*** DATASET ***
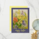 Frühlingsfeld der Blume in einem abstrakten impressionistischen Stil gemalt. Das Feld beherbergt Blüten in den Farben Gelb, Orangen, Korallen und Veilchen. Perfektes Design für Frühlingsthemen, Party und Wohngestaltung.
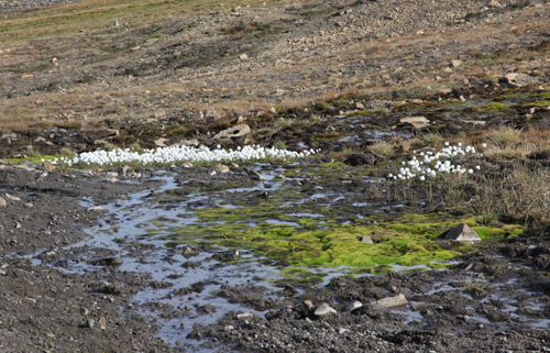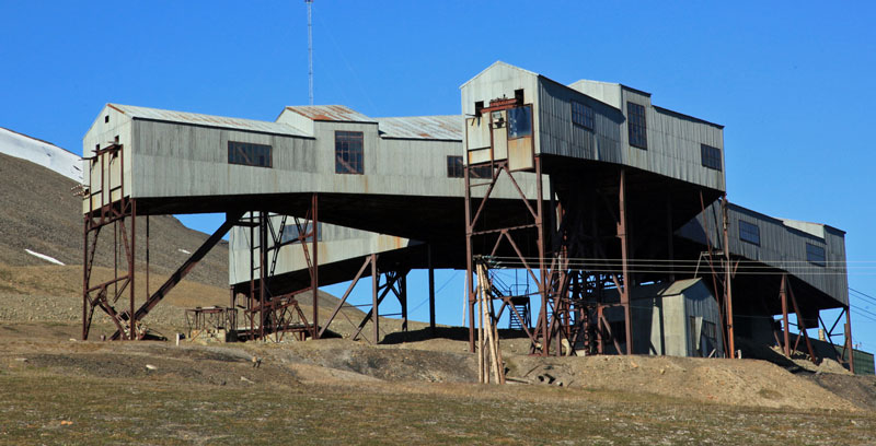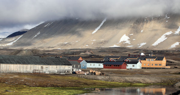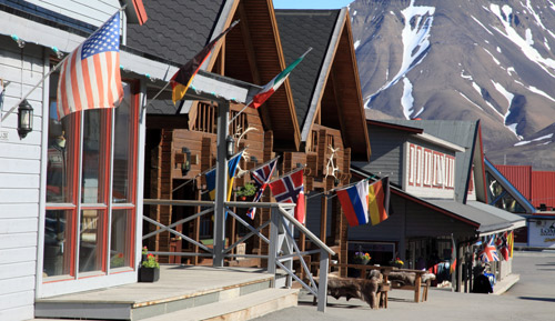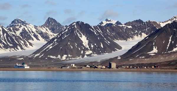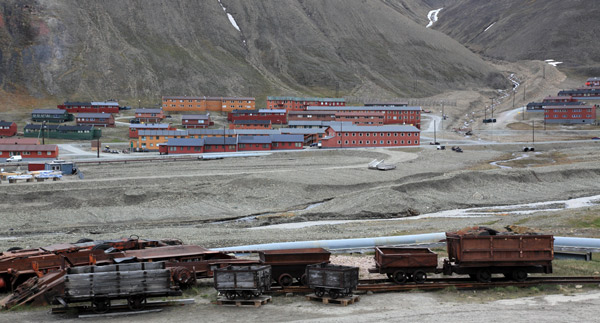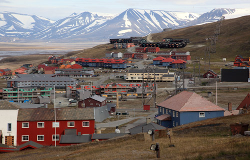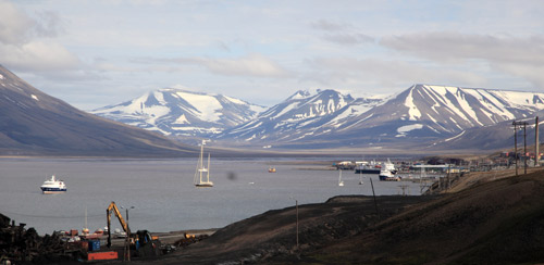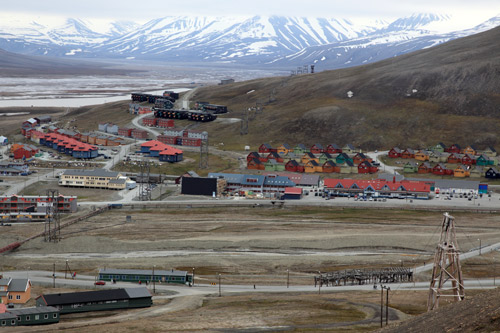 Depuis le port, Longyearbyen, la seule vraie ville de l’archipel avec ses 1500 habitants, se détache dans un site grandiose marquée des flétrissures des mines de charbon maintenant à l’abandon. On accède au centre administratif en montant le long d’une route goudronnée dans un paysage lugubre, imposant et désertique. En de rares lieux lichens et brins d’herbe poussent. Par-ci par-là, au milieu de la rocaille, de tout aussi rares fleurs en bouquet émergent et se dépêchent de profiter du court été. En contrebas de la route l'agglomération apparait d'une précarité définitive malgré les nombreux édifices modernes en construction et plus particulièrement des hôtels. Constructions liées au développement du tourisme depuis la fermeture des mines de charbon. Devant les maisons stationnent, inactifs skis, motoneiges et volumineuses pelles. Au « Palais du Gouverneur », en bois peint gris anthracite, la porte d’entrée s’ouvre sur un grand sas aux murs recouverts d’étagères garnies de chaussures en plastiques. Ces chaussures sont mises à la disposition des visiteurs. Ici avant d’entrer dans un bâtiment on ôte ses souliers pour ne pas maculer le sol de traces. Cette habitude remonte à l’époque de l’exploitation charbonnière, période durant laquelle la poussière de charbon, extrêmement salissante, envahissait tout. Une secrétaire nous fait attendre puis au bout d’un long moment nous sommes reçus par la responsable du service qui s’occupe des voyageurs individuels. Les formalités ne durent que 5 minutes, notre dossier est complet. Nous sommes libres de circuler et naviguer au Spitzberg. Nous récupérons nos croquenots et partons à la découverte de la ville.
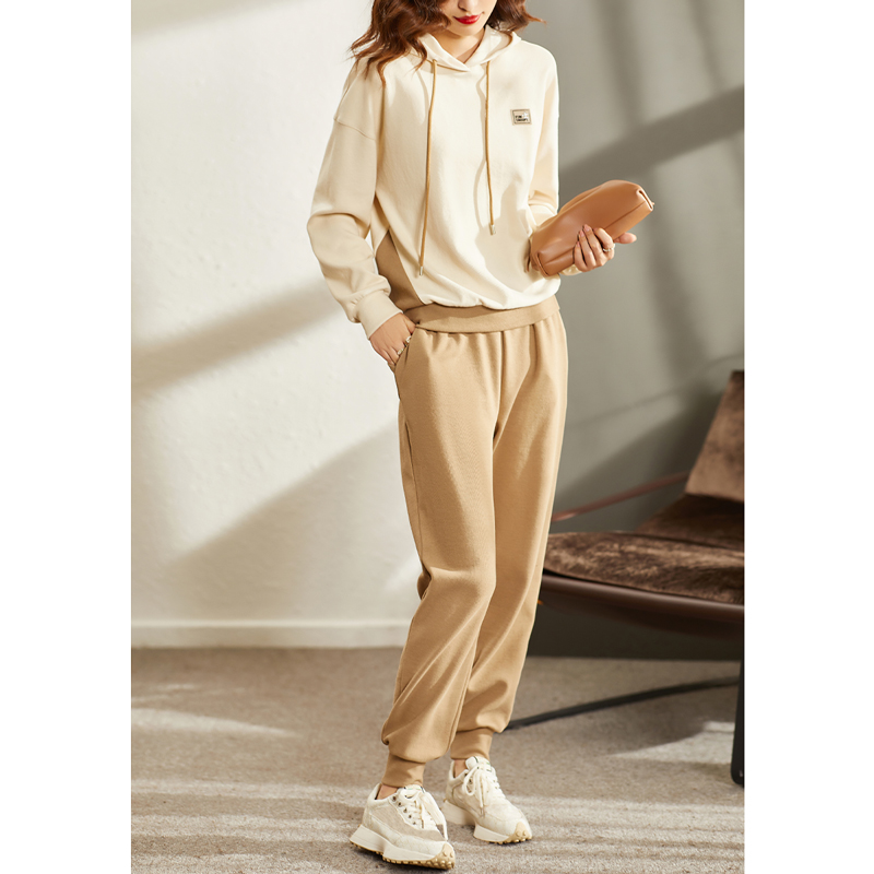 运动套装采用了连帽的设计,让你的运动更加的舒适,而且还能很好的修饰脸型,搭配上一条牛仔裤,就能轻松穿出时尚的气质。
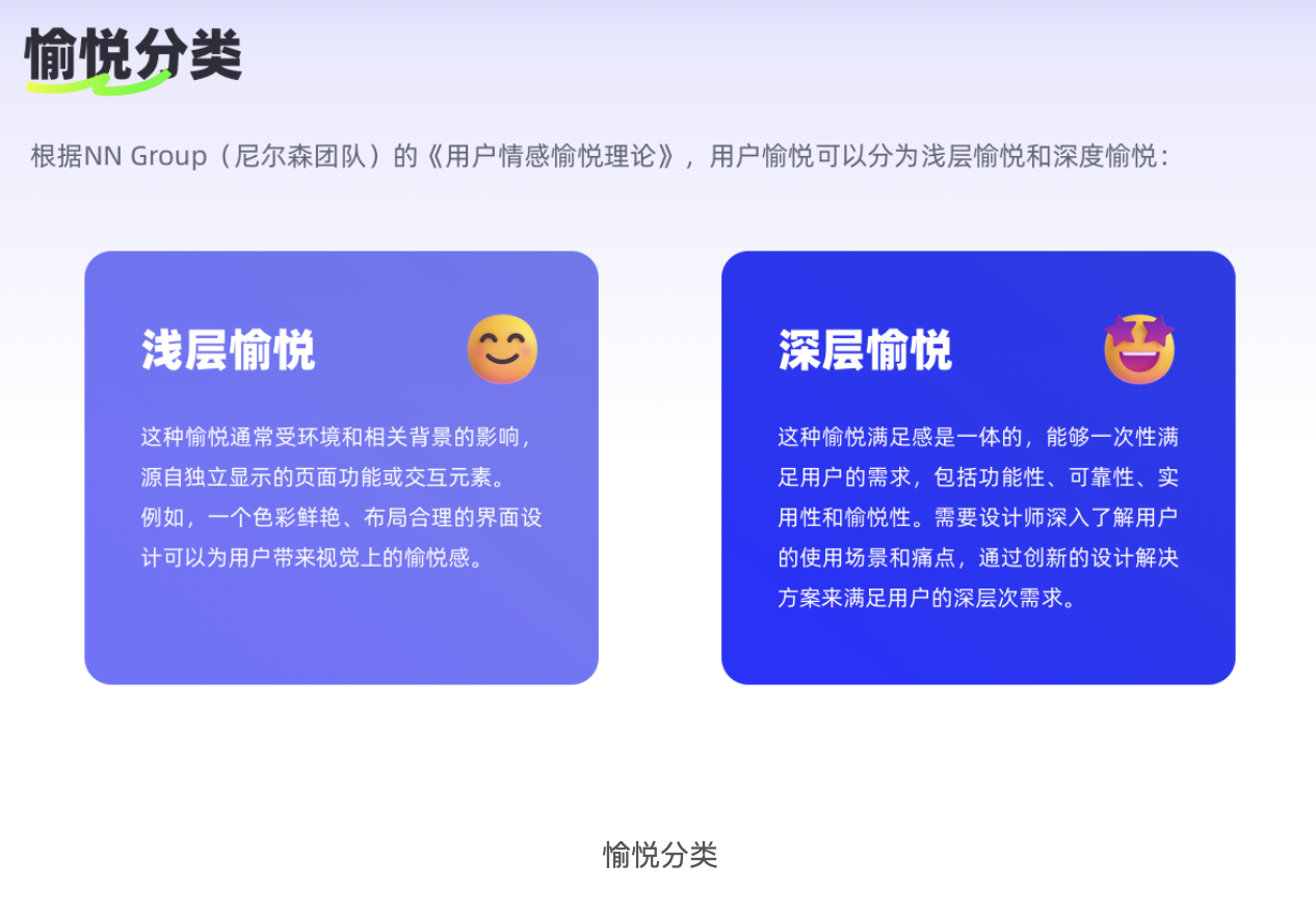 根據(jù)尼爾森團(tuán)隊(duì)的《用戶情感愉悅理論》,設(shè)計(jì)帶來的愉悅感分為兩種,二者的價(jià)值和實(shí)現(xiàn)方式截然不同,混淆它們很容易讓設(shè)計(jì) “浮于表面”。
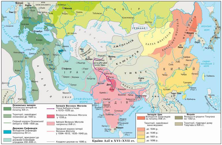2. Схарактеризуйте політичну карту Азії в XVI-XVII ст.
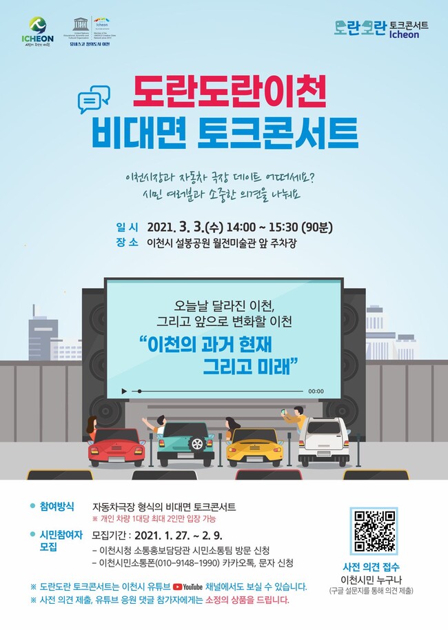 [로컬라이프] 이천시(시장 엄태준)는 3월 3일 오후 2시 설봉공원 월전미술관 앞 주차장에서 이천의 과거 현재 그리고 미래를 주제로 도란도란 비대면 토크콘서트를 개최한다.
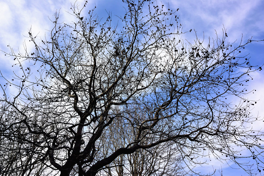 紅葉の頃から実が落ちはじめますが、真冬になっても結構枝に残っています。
*** End of DATASET ***
» PROBLEM DESCRIPTION
The copy should hold exactly the lines from the line containing "运动套装采用了连帽的设计,让" through the last line of the records, both included, and no pictures or other lines.

» TASK ANSWER
 运动套装采用了连帽的设计,让你的运动更加的舒适,而且还能很好的修饰脸型,搭配上一条牛仔裤,就能轻松穿出时尚的气质。
 根據(jù)尼爾森團(tuán)隊(duì)的《用戶情感愉悅理論》,設(shè)計(jì)帶來的愉悅感分為兩種,二者的價(jià)值和實(shí)現(xiàn)方式截然不同,混淆它們很容易讓設(shè)計(jì) “浮于表面”。
2. Схарактеризуйте політичну карту Азії в XVI-XVII ст.
 [로컬라이프] 이천시(시장 엄태준)는 3월 3일 오후 2시 설봉공원 월전미술관 앞 주차장에서 이천의 과거 현재 그리고 미래를 주제로 도란도란 비대면 토크콘서트를 개최한다.
 紅葉の頃から実が落ちはじめますが、真冬になっても結構枝に残っています。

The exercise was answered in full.